The old axiom, “no pain, no gain,” is just that… old and outdated. Pain and soreness are not valid measures of the benefits of exercise.

Muscle soreness can occur with anybody who exercises, from a starting exerciser embarking on a new program to a conditioned veteran who is working at a greater intensity, frequency, and/or duration than he / she is used to.

It frequently happens to well-trained people as they begin a new activity.

Muscle soreness might also be a result of overuse, which could eventually lead to injury. It’s important to listen to your body and seek treatment for injuries.

Meeting goals as for developing strength or endurance needs to be the focus of any workout program. Well-defined goals guide results that you’re able to attain through gradual behavior change.

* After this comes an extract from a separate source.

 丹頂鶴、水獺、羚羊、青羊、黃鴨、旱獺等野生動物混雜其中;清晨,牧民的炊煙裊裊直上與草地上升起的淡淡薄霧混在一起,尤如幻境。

Examples – I want to be able to do 20 push-ups; I want to be able to run a 10K by the end of the year, etc. Objectives are specific and measurable and could be useful in guiding any training program.

Soreness could be a consequence of working toward a training goal, but shouldn’t be a goal in and of itself.

Your development and achievement should be the trainer’s first concern.

A number of trainers feel the way a client looks or how much he / she can lift is a direct reflection of her or his ability. Does it make sense for you to have a conversation with your fitness trainer about your concerns?

You could want to reference Selecting and Effectively Using a Fitness Trainer, created by the ACSM (American College of Sports Medicine).